Why are Americans, in particular, so touchy about leisure?  According to recent reports, most Americans leave half of their vacation days untouched, and 15 percent skip vacation entirely.  Among those who do take a break, more than half keep in contact with the office and do some work in between those rounds of golf.  In contrast, U.K. workers get an average of 25 paid vacation days per year (compared to 14 for the U.S.) and take all of them.  French workers clock in with an average of 30 paid vacation days, and report that they need more (perhaps because 93 percent of them take their blackberries to the beach)!

There is one group, however, that takes its leisure very seriously: the World Leisure Organization.
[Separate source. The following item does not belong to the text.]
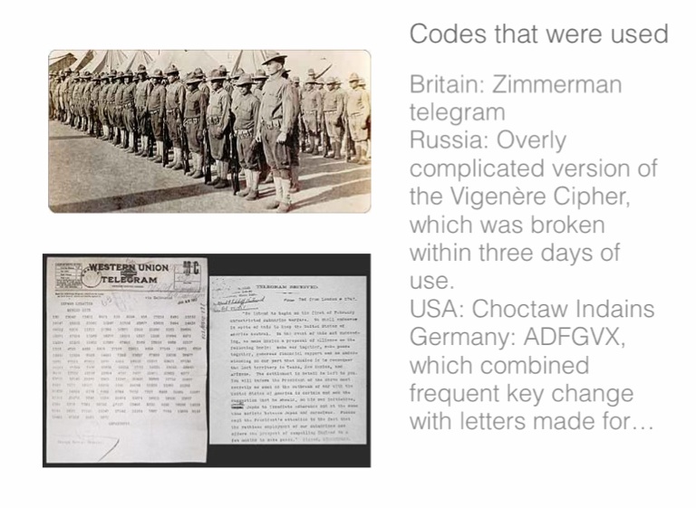 Germany: ADFGVX, which combined frequent key change with letters made for Mores code.
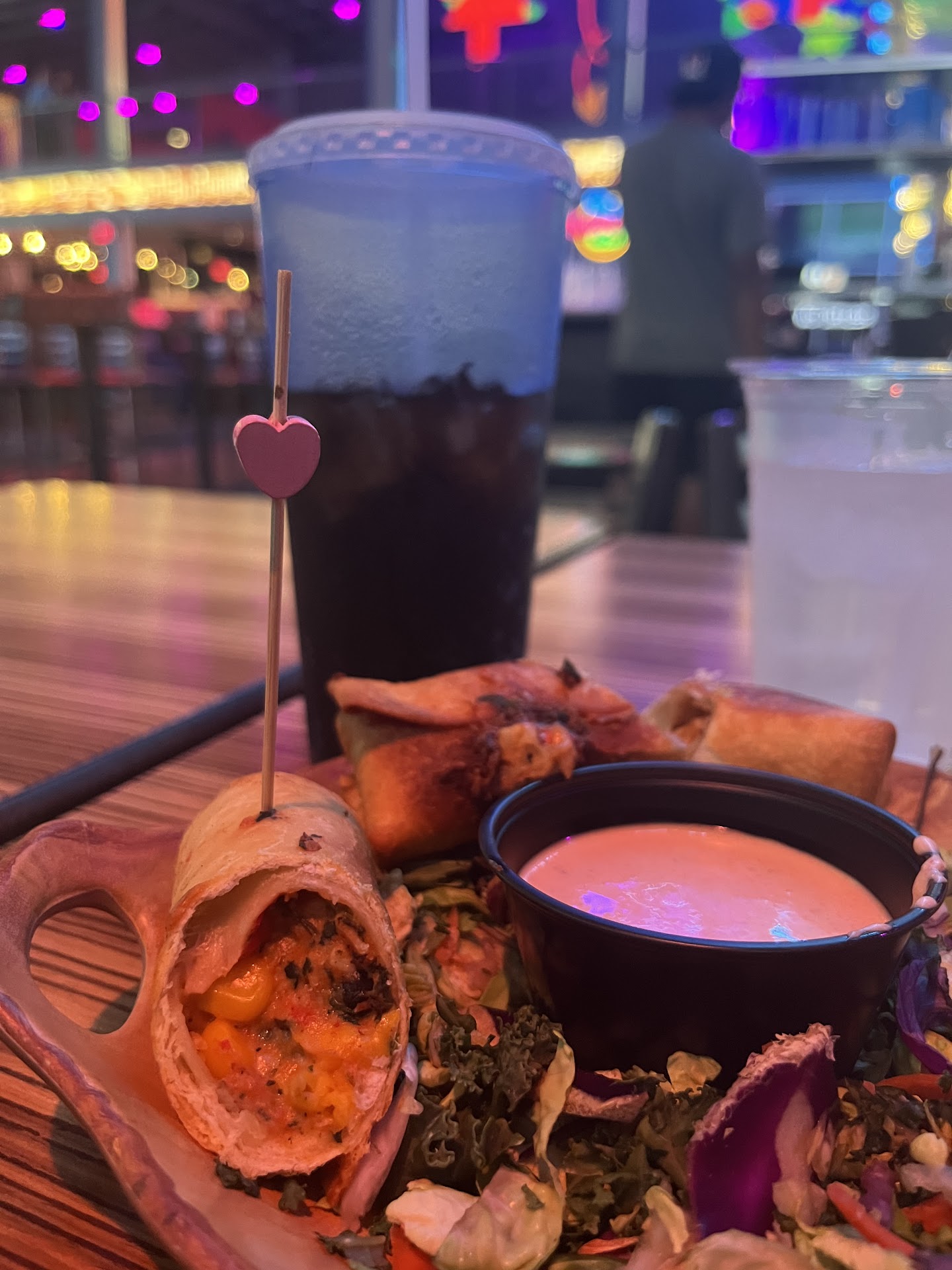 We didn’t know a robot would bring our food out to us, so that was a nice surprise. The food was also great. I got the southwest egg rolls ( the cute heart stick was a great touch) the five cheese cheesy bread, and my husband got the fish tacos. We will definitely...

Founded in 1952, the WLO is a "world-wide, non-governmental association of persons and organizations dedicated to discovering and fostering those conditions best permitting leisure to serve as a force for human growth, development & well-being."  Justly proud of leisure's status under the UDHR, the WLO has convened a number of international Congresses, several of which have issued formal declarations so serious and unplayful that they might be mistaken for diplomatic efforts. 

The fundamental document of the WLO is the World Charter for Leisure, which incorporates the UNDR provision.  The Sao Paulo Declaration of 1988 builds on the Charter, addressing "Leisure in a Globalized Society" and calling on governments to ensure that leisure is broadly available to all.  The Quebec Declaration of 2008 links leisure to community development, noting that "it affects the well-being of individuals, contributes to the development of social ties and social capital, and represents a place for expression and engagement in democratic life." 

In 2013, responding to pressure from the WLO and the International Play Association (IPA), the Committee on the Rights of the Child issued a General Comment addressing, among other things, children's right to leisure and play.  Noting that the right to play was articulated by the international community as early as 1959, the CERD Committee characterized it as poorly recognized by State Parties ot the Convention.  The General Comment spells out more specific expectations in terms of children's access to play,

So save your guilt, reject American exceptionalism and this year, claim your full share of leisure!